Bilingual term extraction is an extension of term extraction. It is available through the word list link in the main menu.

Data requirements

Parallel texts aligned on paragraph or sentence level are needed. Upload your translation memory TMX file and Sketch Engine will process it automatically and convert it into aligned corpora. Aligned texts in more than two languages can be uploaded.

Deatils about the extraction process

The bilingual extraction of terms is a two-step process. First, terms are extracted within each language and lists of candidate terms are produced. In the second step, Sketch Engine looks for candidate pairs which tend to appear in the same aligned segments. The resulting list of candidate pairs (terms in two languages) is then presented to users.

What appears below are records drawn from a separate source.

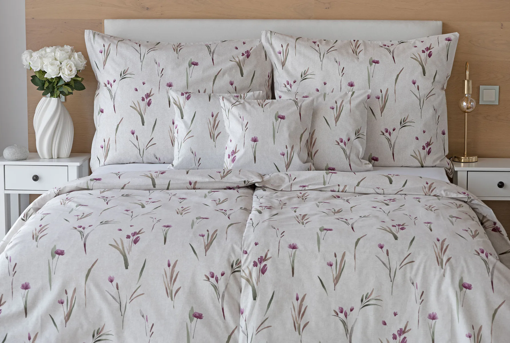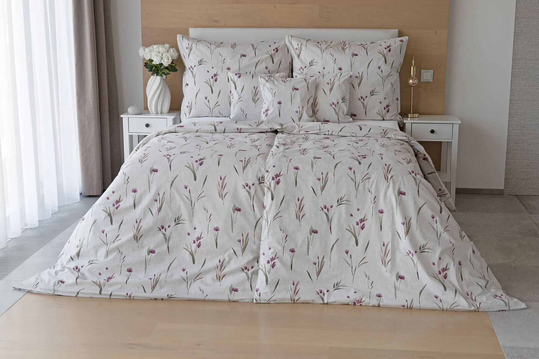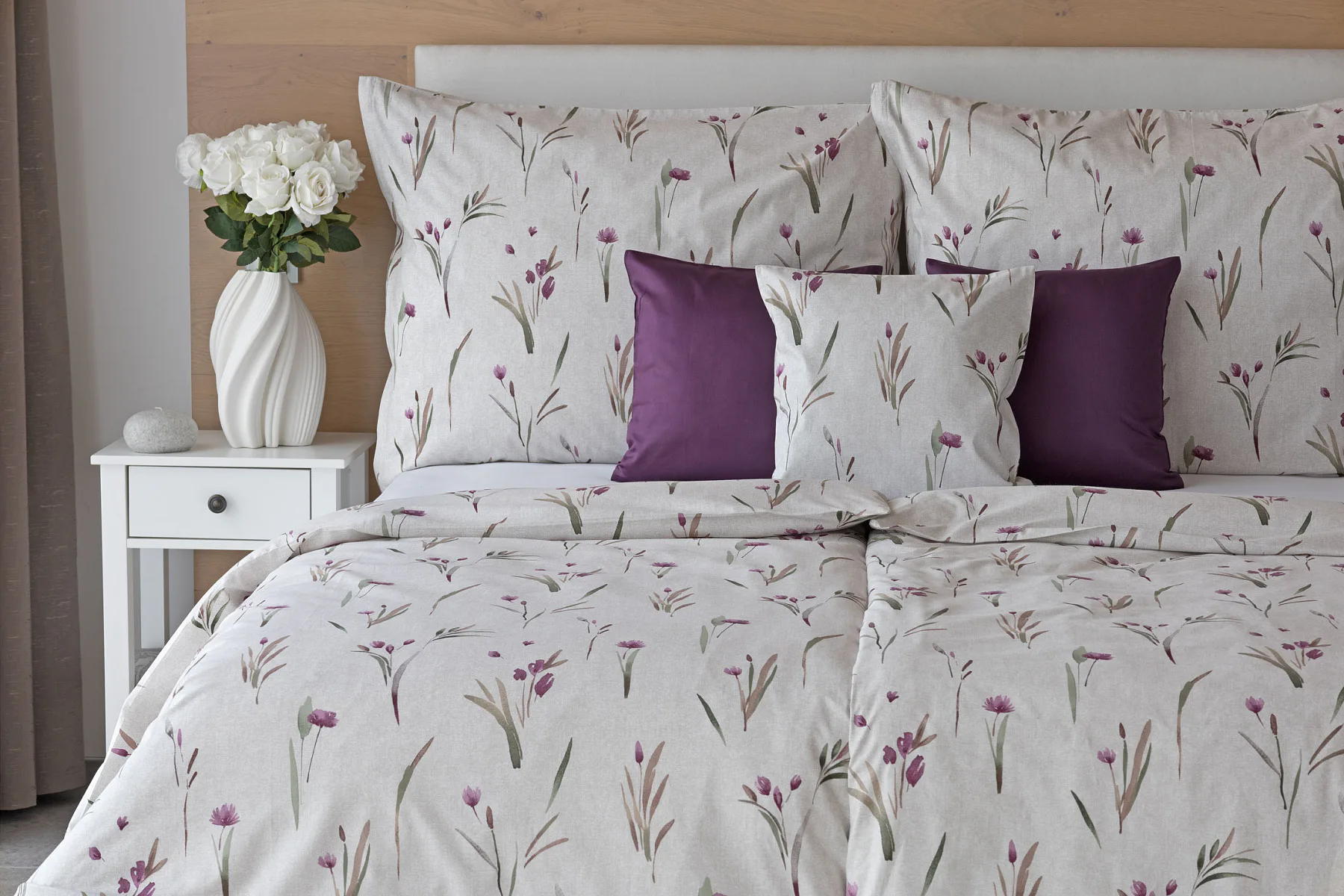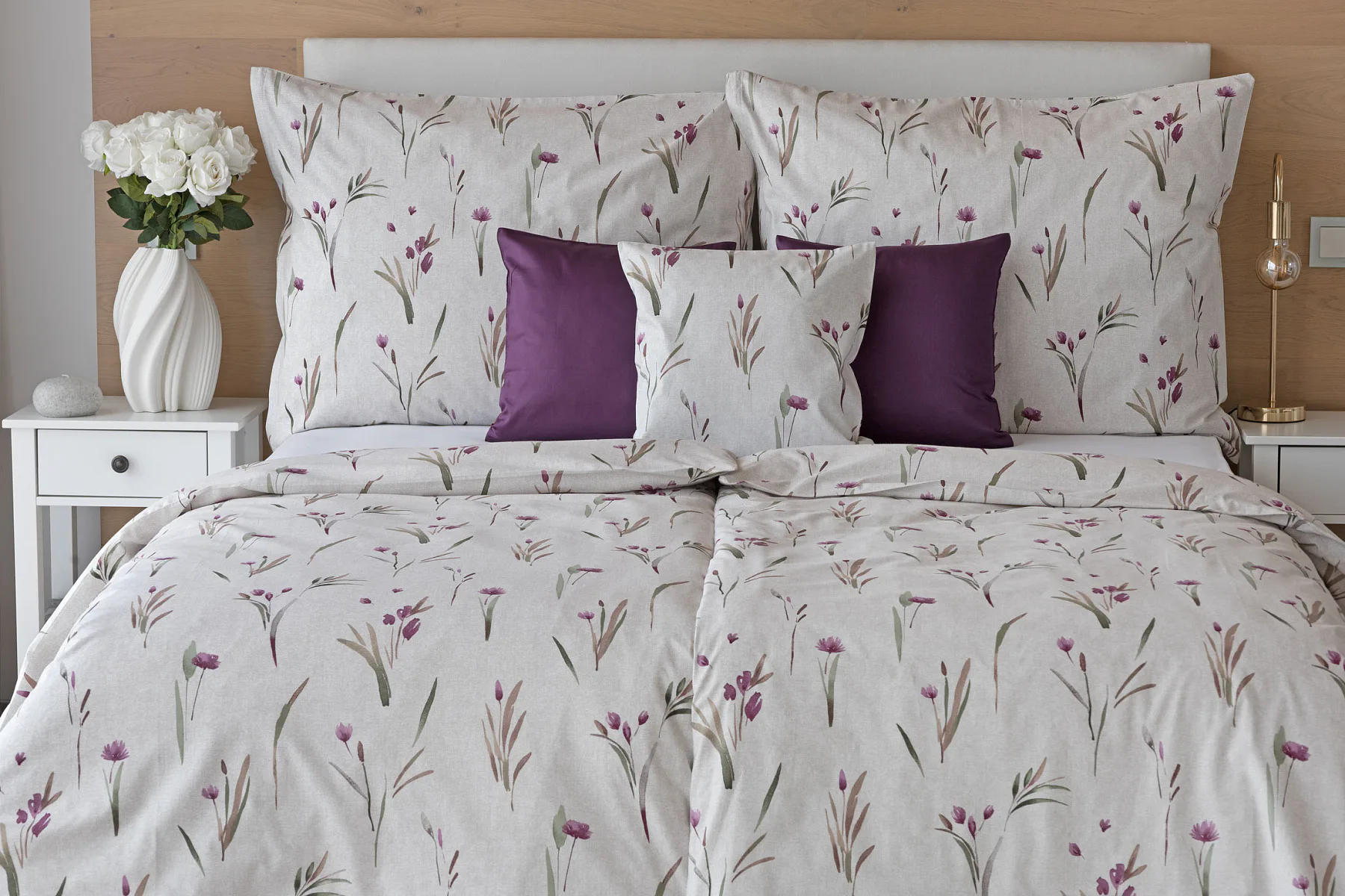 Decentní květinové povlečení Danae vdechne vaší ložnici elegantní nádech v každé roční době. Minimalistický akvarelový motiv květů a poupat v tlumených fialových a zelených tónech vyniká na šedobéžovém podkladu se strukturou jemného melíru.
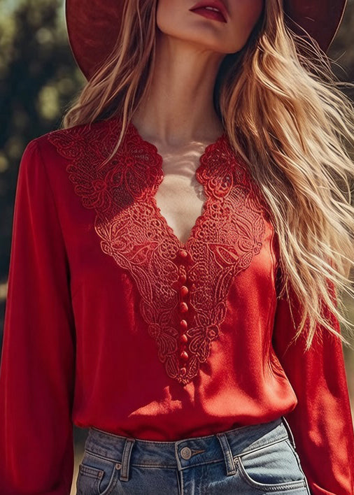 Elegant Red V Neck Button Embroideried Patchwork Silk Shirt Top Spring
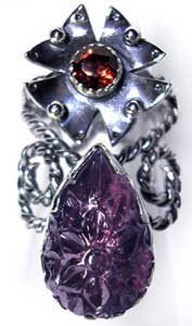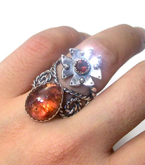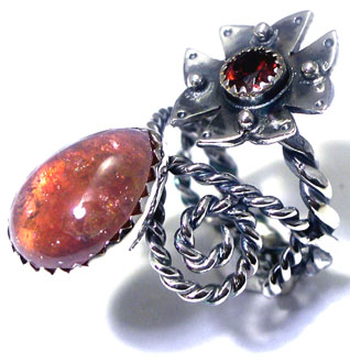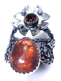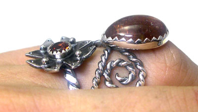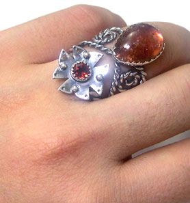 カットガーネットと、インクルージョンがかえって素敵なトルマリンの 2石を配した、ちょっとゴージャスなイメージ漂うリングです。
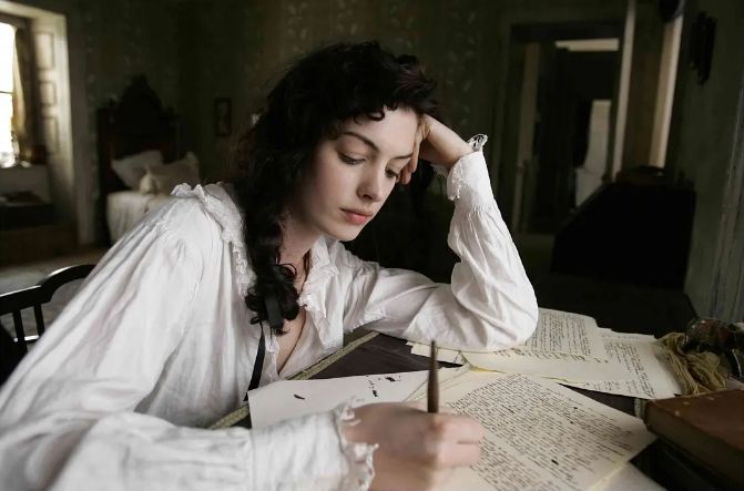 在《成为简·奥斯丁》里,她可以是优雅知性的作家。
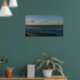 Wellen, die in der Sonnenuntergang-Landschaft abst Poster
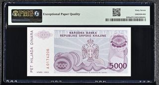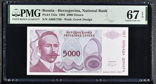 Billete de 5000 Dinara de Bosnia, emitido por el Banco Nacional en 1993. Certificado por PMG con una calificación de 67 EPQ (Superb Gem Uncirculated). - Pick# 152a - S/N A0661760 - Wmk: Greek Design

Extracting terminology step by step

  • Click Home and then Upload TMX and upload your file
  • Your uploaded TMX file will appear as two separate corpora, one corpus for each language.
  • On the corpus selection screen, start by selecting either corpus (language).
  • Click Word list in the left menu.
  • the other language (or a list of languages in the case of multilingual tmx) will be listed at the end of the main menu
  • clicking a language will launch the the bilingual term extraction process
  • once the terms are extracted, use the Save as TBX or Save as TXT item in the left menu to edit them further and/or import them into a CAT tool or a terminology management system


See below e.g. DGT English-Spanish results (the link will open the result screen in the Sketch Engine interface, works only for registered users).


Notes on sorting

From experience with such large data (DGT has 74 million tokens), sorting candidates by co-occurrence frequency yields better results, however, the sorting can be changed in the interface by clicking the column headers. The results are a good starting point when preparing a translation term base from scratch.

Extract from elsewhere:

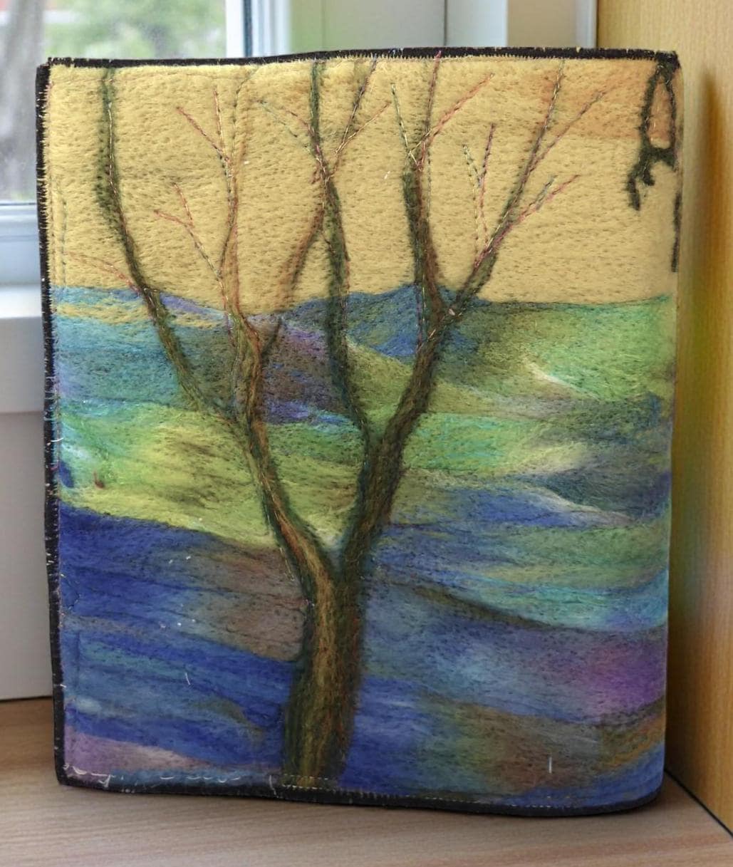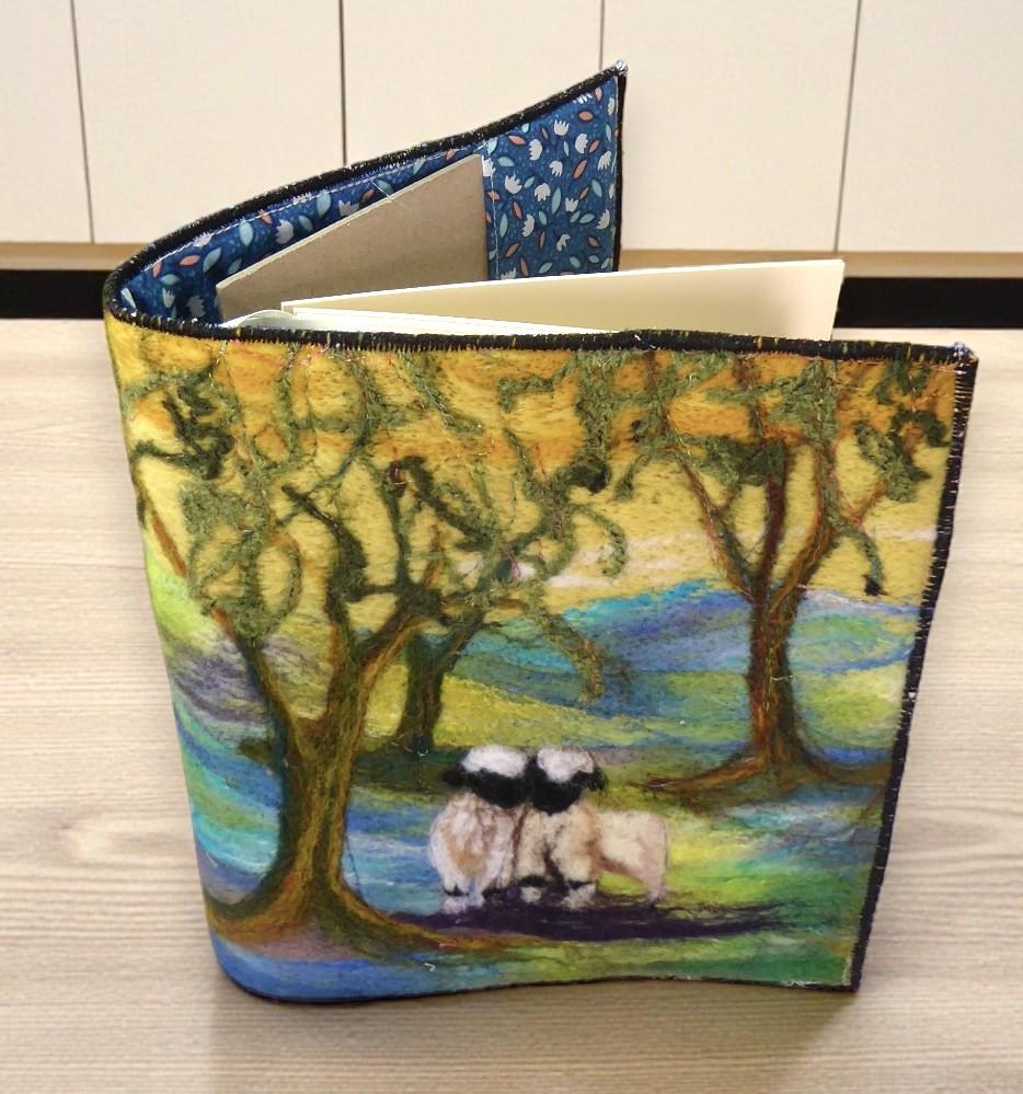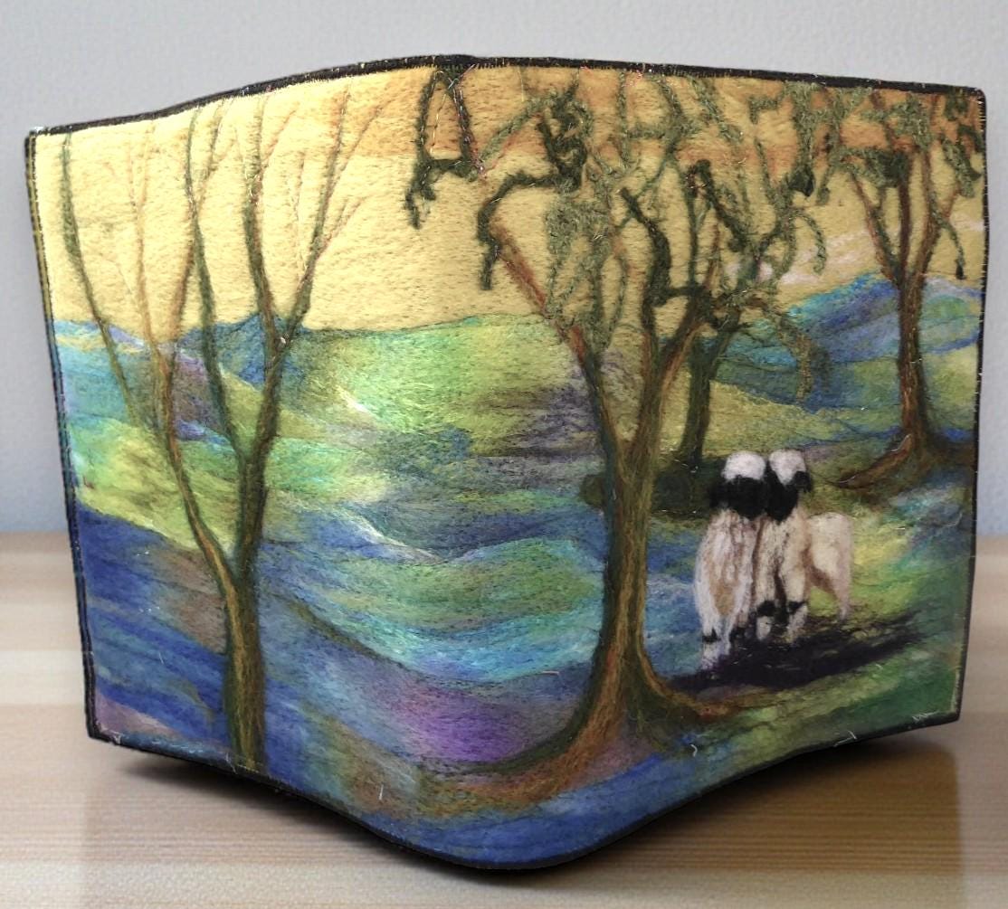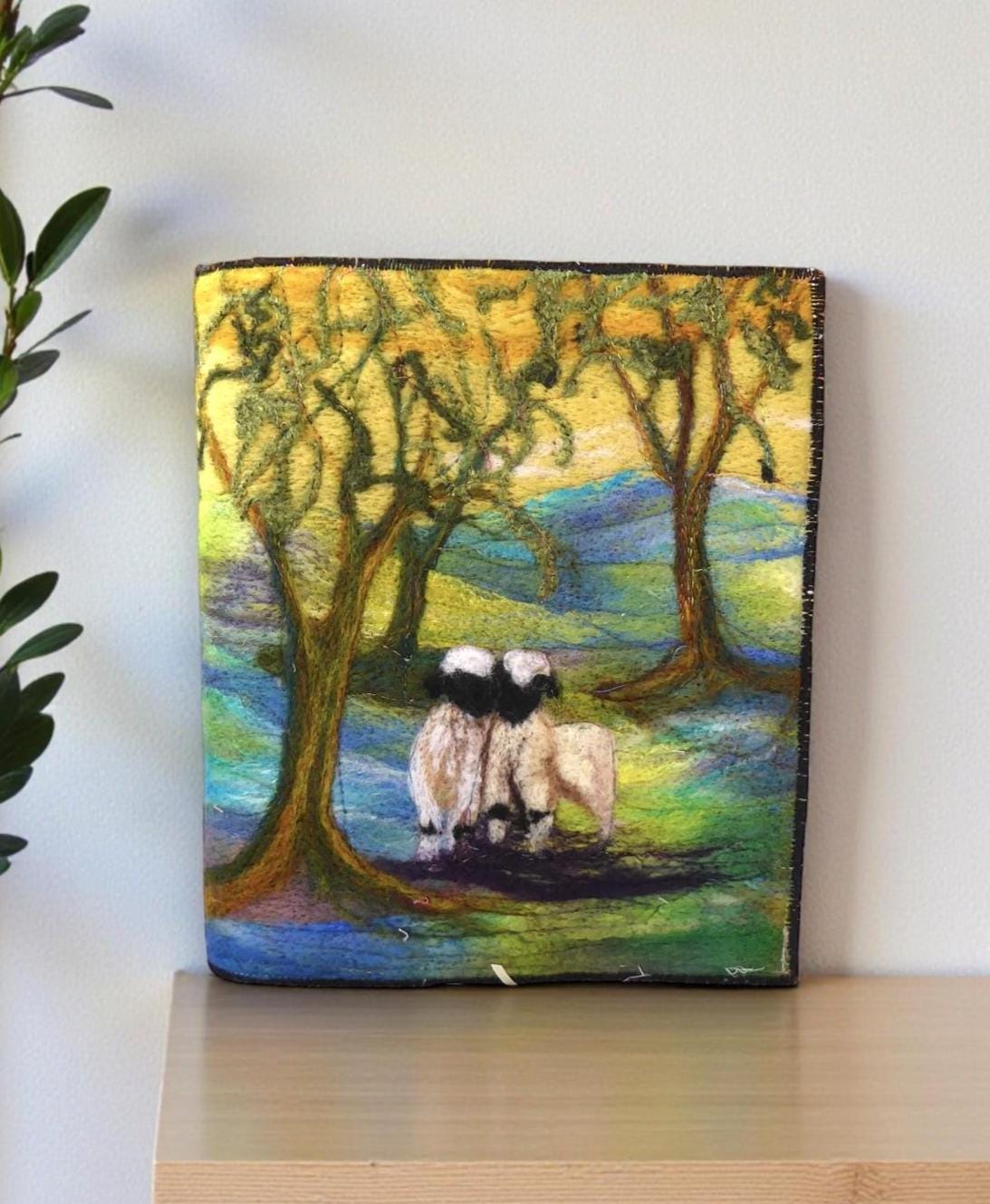 I have needle-felted a picture of two sheep in the woods.

Another example is a small corpus of English-French with UNICEF-related texts. Here the extracted terms are sorted by logDice (a co-occurrence statistics) works better than in the previous example. For registered users, see this whole example.



Bilingual Terminology Extraction in Sketch Engine. Vít Baisa, Barbora Ulipová, and Michal Cukr. In Ninth Workshop on Recent Advances in Slavonic Natural Language Processing, the Czech Republic, December 2015, pp. 61–67.